|Home | About | Journals | Submit | Contact Us | Français|
The EMBL Nucleotide Sequence Database (http://www.ebi.ac.uk/embl) at the EMBL European Bioinformatics Institute, UK, offers a large and freely accessible collection of nucleotide sequences and accompanying annotation. The database is maintained in collaboration with DDBJ and GenBank. Data are exchanged between the collaborating databases on a daily basis to achieve optimal synchrony. Webin is the preferred tool for individual submissions of nucleotide sequences, including Third Party Annotation, alignments and bulk data. Automated procedures are provided for submissions from large-scale sequencing projects and data from the European Patent Office. In 2006, the volume of data has continued to grow exponentially. Access to the data is provided via SRS, ftp and variety of other methods. Extensive external and internal cross-references enable users to search for related information across other databases and within the database. All available resources can be accessed via the EBI home page at http://www.ebi.ac.uk/. Changes over the past year include changes to the file format, further development of the EMBLCDS dataset and developments to the XML format.
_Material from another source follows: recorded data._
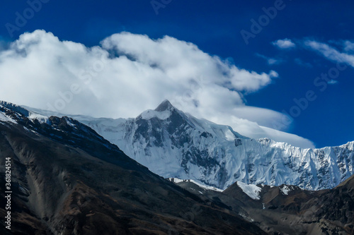 © Chris, Fototapeta premium A close up view on high, snow capped Himalayan peaks along Annapurna Circuit Trek in Nepal. Barren and sharp slopes. Exploration and discovering new places.
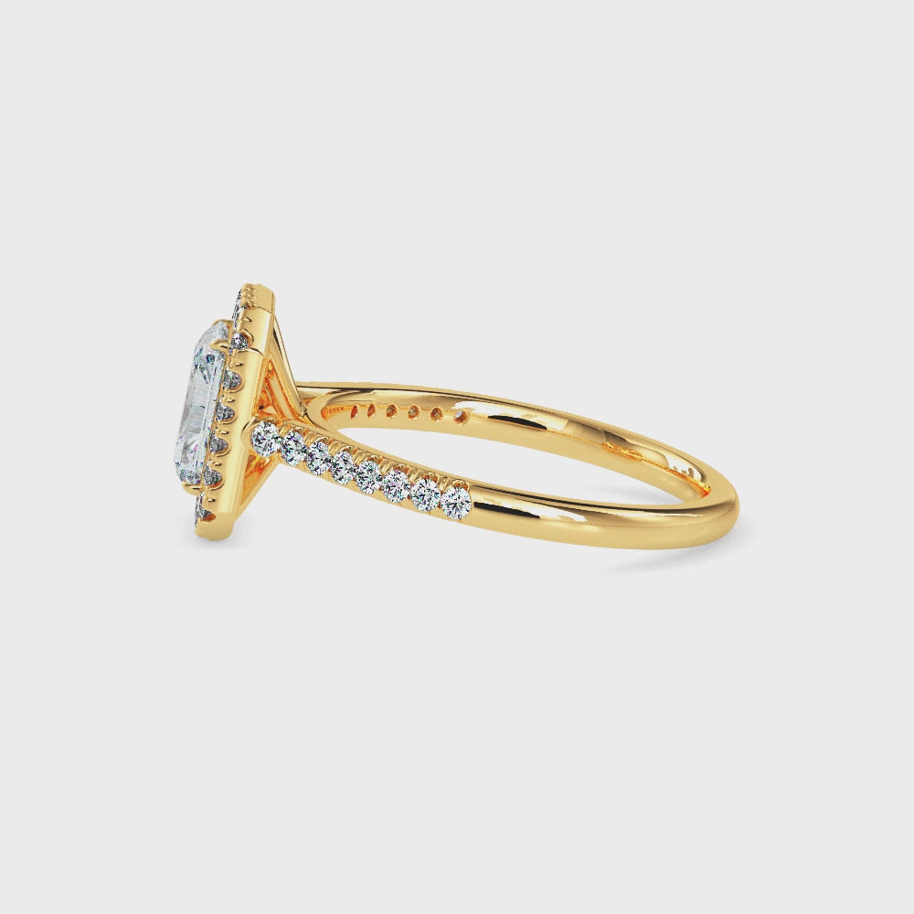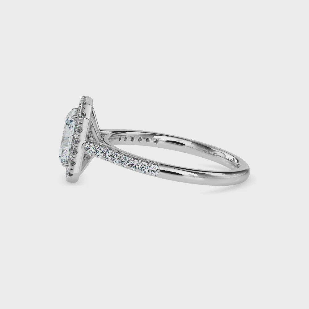 - Maud Solitaire Halo Pave Radiant Ring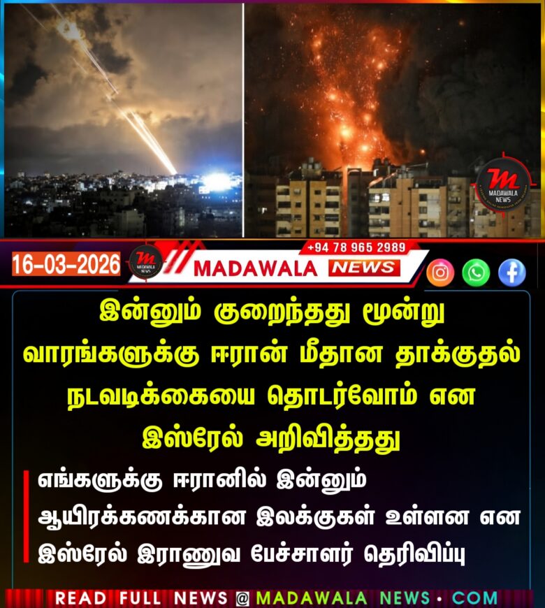 இன்னும் குறைந்தது மூன்று வாரங்களுக்கு ஈரான் மீதான தாக்குதல் நடவடிக்கையை தொடர்வோம் என இஸ்ரேல் அறிவித்தது

The EMBL Nucleotide Sequence Database is the European node of the International Nucleotide Sequence Database Collaboration (INSDC, http://www.insdc.org/) between DDBJ (1), EMBL and GenBank (2). The collaborative aim is to collect and present nucleotide sequence and annotation as comprehensively as possible.
The EMBL Nucleotide Sequence Database (EMBL) is maintained at the European Bioinformatics Institute, which hosts several other core biological databases (3).
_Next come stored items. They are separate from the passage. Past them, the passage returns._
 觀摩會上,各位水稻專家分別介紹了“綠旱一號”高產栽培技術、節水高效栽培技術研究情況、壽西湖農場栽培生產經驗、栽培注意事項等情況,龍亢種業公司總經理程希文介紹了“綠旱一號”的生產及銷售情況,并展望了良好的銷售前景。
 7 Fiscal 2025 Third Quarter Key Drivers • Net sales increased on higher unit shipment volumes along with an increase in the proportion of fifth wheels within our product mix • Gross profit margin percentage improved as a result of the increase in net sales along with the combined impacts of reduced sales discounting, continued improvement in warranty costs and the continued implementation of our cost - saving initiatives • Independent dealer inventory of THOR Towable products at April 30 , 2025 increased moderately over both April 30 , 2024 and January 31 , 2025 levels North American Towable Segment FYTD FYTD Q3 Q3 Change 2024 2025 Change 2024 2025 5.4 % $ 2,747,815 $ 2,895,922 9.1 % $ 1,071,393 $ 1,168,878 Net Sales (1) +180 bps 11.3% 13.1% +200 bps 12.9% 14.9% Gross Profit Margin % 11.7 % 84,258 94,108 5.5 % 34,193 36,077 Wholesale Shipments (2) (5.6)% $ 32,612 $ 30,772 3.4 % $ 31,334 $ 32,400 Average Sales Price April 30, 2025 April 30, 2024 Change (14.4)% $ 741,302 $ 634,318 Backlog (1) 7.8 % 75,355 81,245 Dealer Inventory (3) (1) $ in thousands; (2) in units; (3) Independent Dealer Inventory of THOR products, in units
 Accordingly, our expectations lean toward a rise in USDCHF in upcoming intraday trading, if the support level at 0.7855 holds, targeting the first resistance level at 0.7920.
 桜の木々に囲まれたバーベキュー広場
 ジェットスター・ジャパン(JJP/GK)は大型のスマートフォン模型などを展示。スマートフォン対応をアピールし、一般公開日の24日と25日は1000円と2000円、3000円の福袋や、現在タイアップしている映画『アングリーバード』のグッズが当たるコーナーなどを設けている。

The main goal of the EMBL Nucleotide Sequence Database is to accept, process and make freely available sequence data from individual researchers, research groups and the European Patent Office (EPO). Collected nucleotide sequences and accompanying annotation are made available via the EBI Sequence Retrieval System (SRS), ftp, web services and similarity search tools.
EMBL database releases, with accompanying release notes, are produced quarterly.
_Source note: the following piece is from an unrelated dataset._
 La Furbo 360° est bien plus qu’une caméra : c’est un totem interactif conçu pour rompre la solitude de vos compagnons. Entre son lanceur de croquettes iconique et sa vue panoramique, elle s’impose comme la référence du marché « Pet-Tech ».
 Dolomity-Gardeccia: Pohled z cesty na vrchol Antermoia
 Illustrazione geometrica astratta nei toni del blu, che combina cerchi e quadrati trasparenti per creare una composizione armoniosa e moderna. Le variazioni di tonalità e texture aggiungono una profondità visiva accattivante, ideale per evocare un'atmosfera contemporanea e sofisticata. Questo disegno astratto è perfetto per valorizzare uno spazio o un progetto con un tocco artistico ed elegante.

The database is presented as individual entries, each carrying sequence or information on sequence construction, submission information (submission and update dates, version numbers and submitter details), literature citations and annotation in the form of a feature table. Full details of database flatfile format are available in the user manual. Details of feature table format are available in the INSDC Feature Table Definition. Data are also presented in XML formats via the web tools, dbfetch and ftp.
Each entry in the database belongs to one of the several entry types, which differ in either data format or handling of data by the database. Entry types include standard (STD), constructed (CON), third party annotation (TPA), whole genome shotgun (WGS), annotated constructed (ANN) and mass genome annotation library (MGA). New entry types are created as new types of data arrive at the database.
Over the past year, the size of the EMBL Nucleotide Sequence Database has increased from 58.7 million entries in Release 84, September 2005 to 80.5 million entries in Release 88, September 2006, of which 18 million entries are WGS data. The WGS entries now account for >50% of the nucleotide content of the database—80.3 Gbp out of 146.5 Gbp in September 2006. There are now over 260000 organisms represented in the database.
During the last year, an important EMBL flatfile format change was completed and there were further developments to XML formats, XML distribution and tools and the TPA dataset.
EMBL database submission procedures are briefly described below. Full details of procedures are available at http://www.ebi.ac.uk/embl/Submission/
Webin is the preferred submission system for nucleotide sequence and biological annotation. Webin has been designed to allow rapid submission of single, multiple or very large numbers of sequences (bulk data) and is available at http://www.ebi.ac.uk/embl/Submission/webin.html. Bulk data submission in the fasta format is possible via Webin, where the fasta format is sufficient to describe all differences between submitted entries in terms of sequence and annotation fields.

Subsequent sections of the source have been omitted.